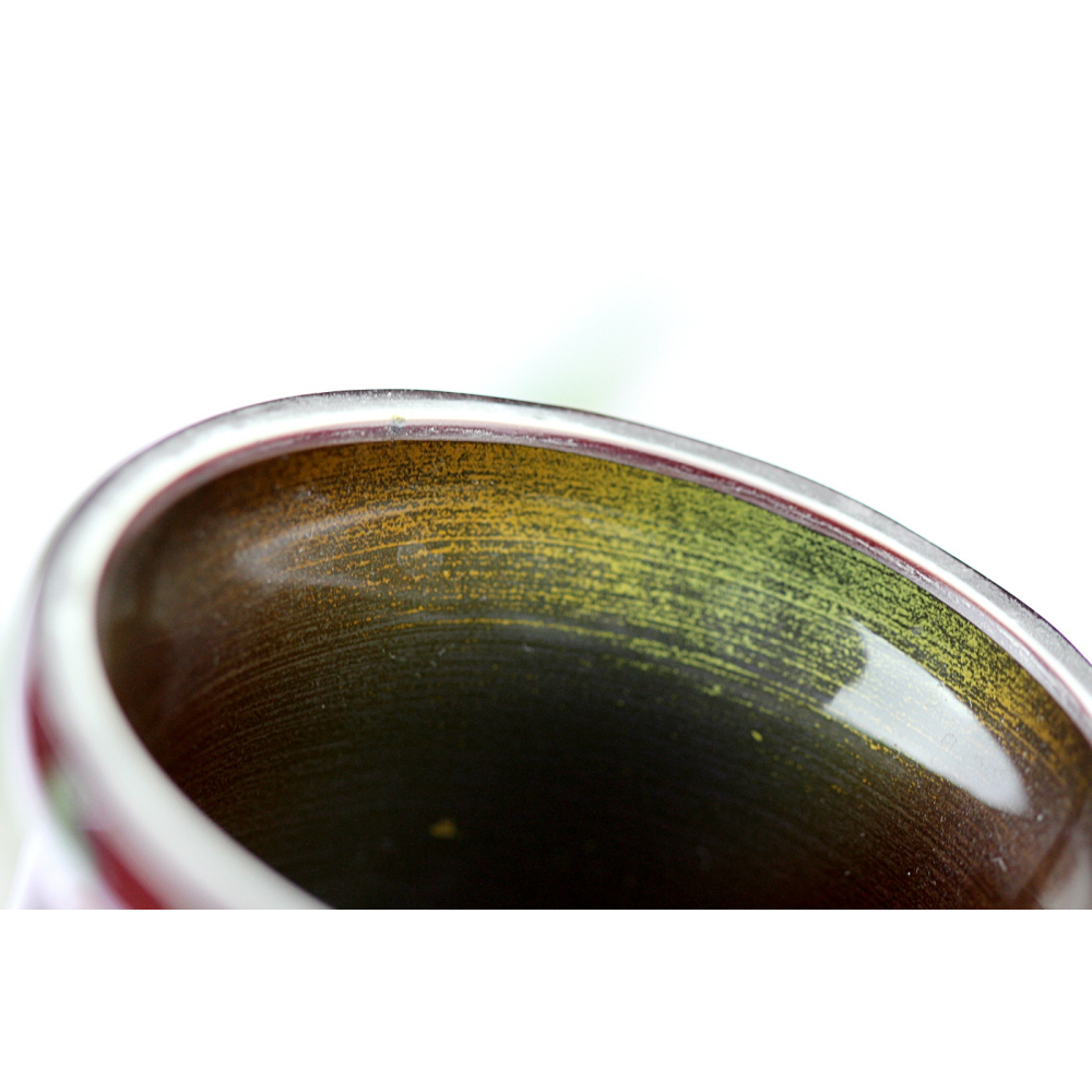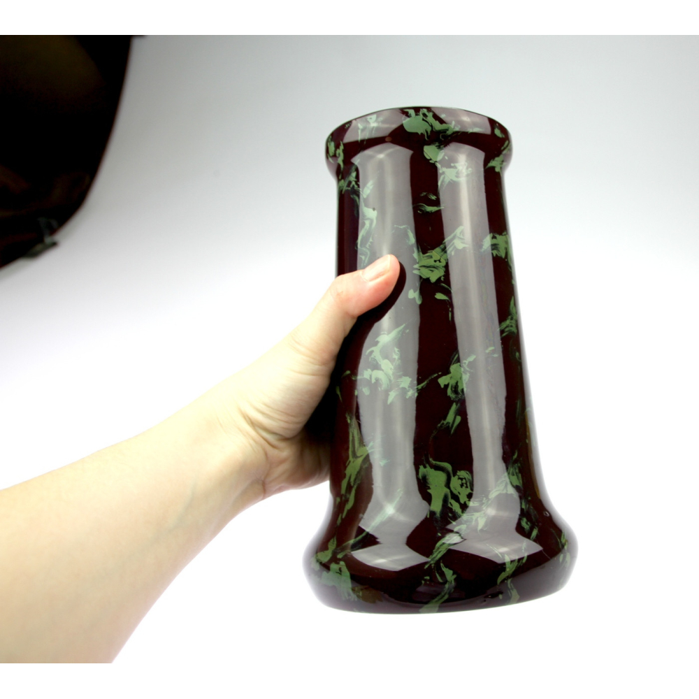Tmavočervená secesní váza se zeleným mramorováním
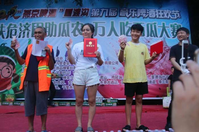 通過激烈角逐, 2017年重渡溝萬人吃西瓜大賽的男女 “瓜王”脫穎而出,贏得豐厚現(xiàn)金大獎。
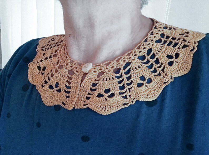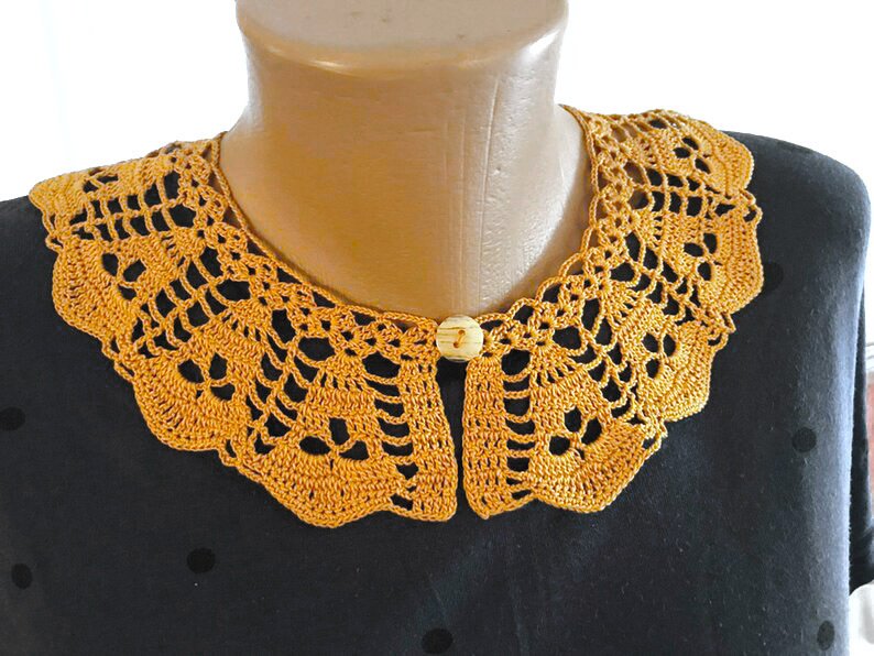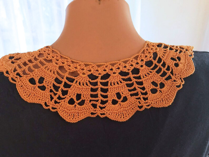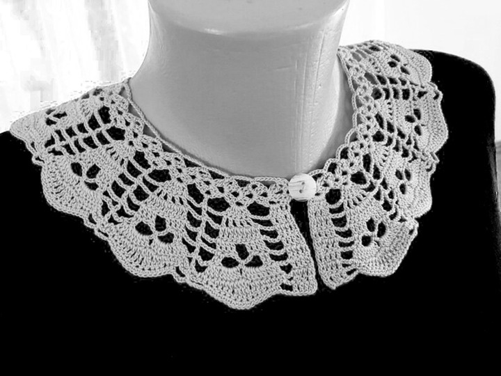 This collar is different than the other collar patterns web there and is a unique design that gives great results.This pretty skull collar, designed by me, is a lovely piece of a little project that will make a great difference. Pretty up any sweaters, dresses, blouses or T-shirt with a plain neckline with this lacy collar. Also, work up this bright and beautiful crochet collar for a stylish piece of daily or any party clothing. I’m very excited to share with you. If you love making handmade gifts these crochet piece will help you find a great gift. This pattern shows that how this design of crochet. You can work this pattern using same thread and similar thread or color.

********

Work instruction: Where the data contains images, drop them and print the rest exactly.

Worked solution:
Tmavočervená secesní váza se zeleným mramorováním
 通過激烈角逐, 2017年重渡溝萬人吃西瓜大賽的男女 “瓜王”脫穎而出,贏得豐厚現(xiàn)金大獎。
 This collar is different than the other collar patterns web there and is a unique design that gives great results.This pretty skull collar, designed by me, is a lovely piece of a little project that will make a great difference. Pretty up any sweaters, dresses, blouses or T-shirt with a plain neckline with this lacy collar. Also, work up this bright and beautiful crochet collar for a stylish piece of daily or any party clothing. I’m very excited to share with you. If you love making handmade gifts these crochet piece will help you find a great gift. This pattern shows that how this design of crochet. You can work this pattern using same thread and similar thread or color.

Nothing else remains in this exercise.